| Try it |
Find the line containing "De slaapkamer is" in the material below, then please transcribe it and each line after it exactly, without the pictures.

| Raw data |
'''

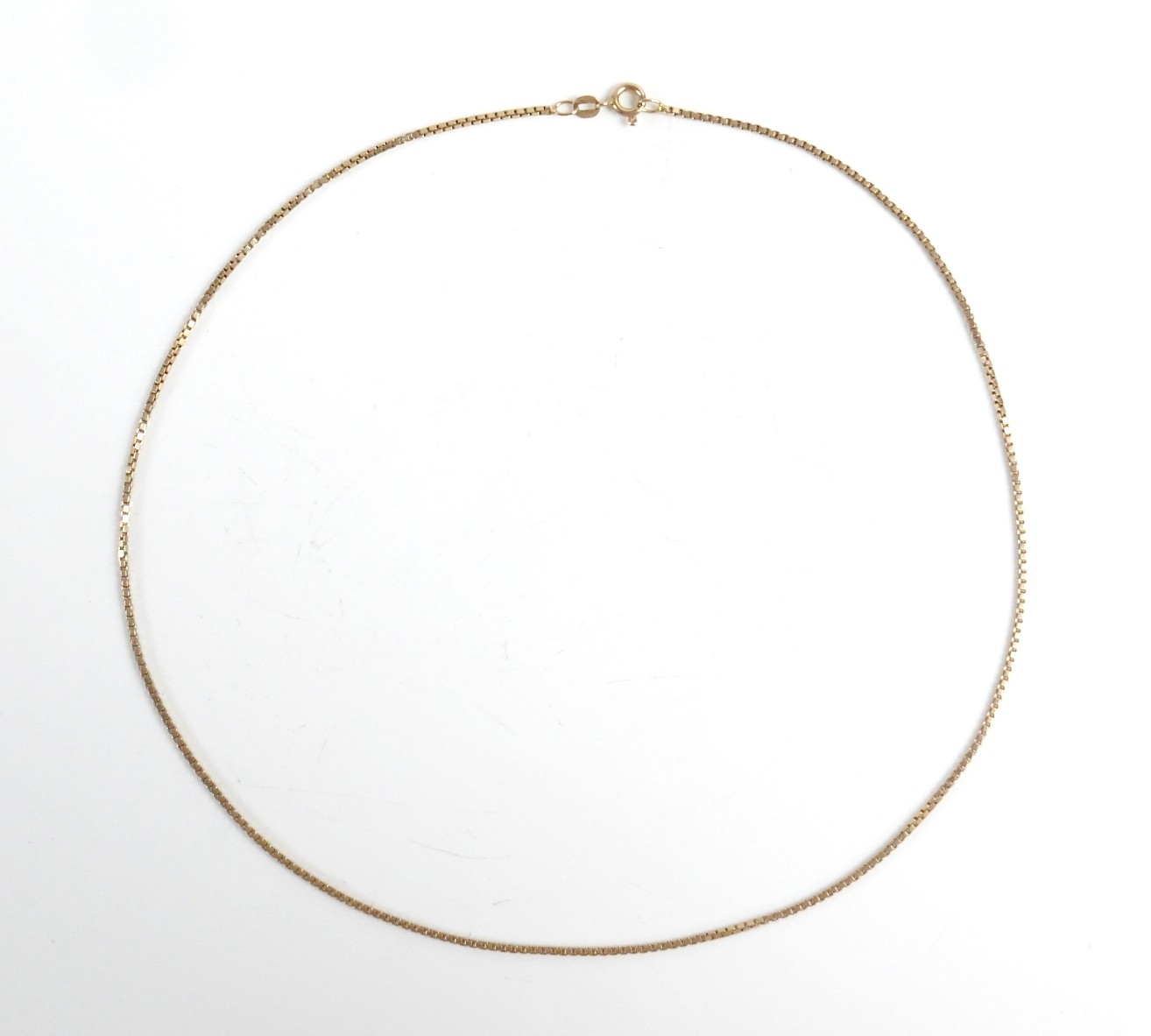 A 9ct gold box chain necklace, 46cm, 5.2g.
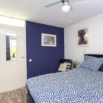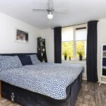 De slaapkamer is voorzien van een mooie laminaatvloer, ventilator en groot raam dat vrij uitzicht biedt op de straat, groenstrook en water.
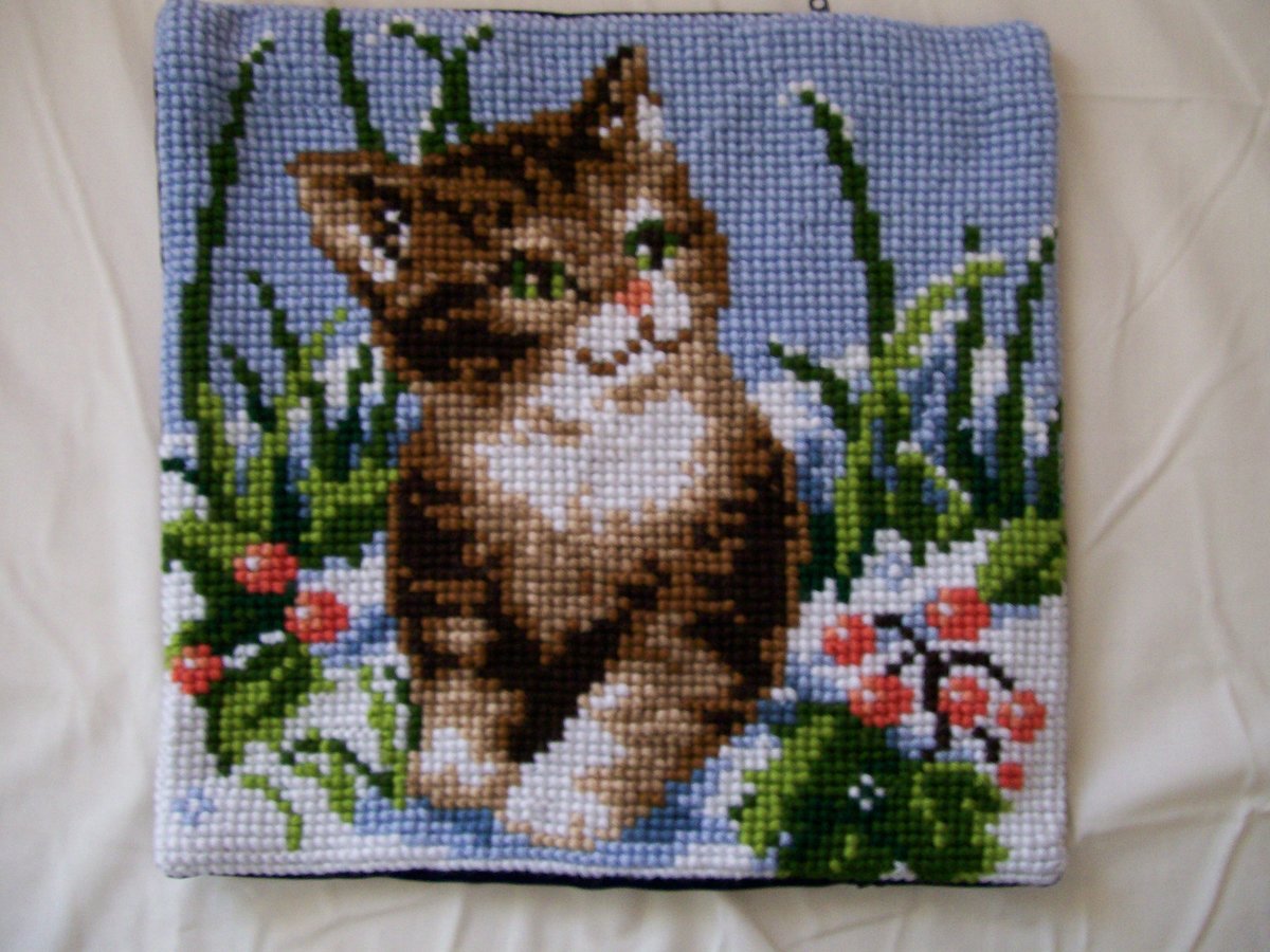 Poduszka kot.Wyszyta włóczką. Rozmiar 40/40 cm.
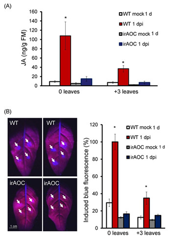B: 左图上方是两张野生型(WT)的幼嫩叶片被链格孢菌感染1天后在紫外灯下的照片,下方是不能合成JA的AOC基因被沉默的植物(irAOC)被链格孢菌感染1天后的照片。右图显示的是在野生型(WT)和不能合成JA的irAOC植物的叶片中被诱导的蓝色荧光的量。

'''

| Answer section |
 De slaapkamer is voorzien van een mooie laminaatvloer, ventilator en groot raam dat vrij uitzicht biedt op de straat, groenstrook en water.
 Poduszka kot.Wyszyta włóczką. Rozmiar 40/40 cm.
B: 左图上方是两张野生型(WT)的幼嫩叶片被链格孢菌感染1天后在紫外灯下的照片,下方是不能合成JA的AOC基因被沉默的植物(irAOC)被链格孢菌感染1天后的照片。右图显示的是在野生型(WT)和不能合成JA的irAOC植物的叶片中被诱导的蓝色荧光的量。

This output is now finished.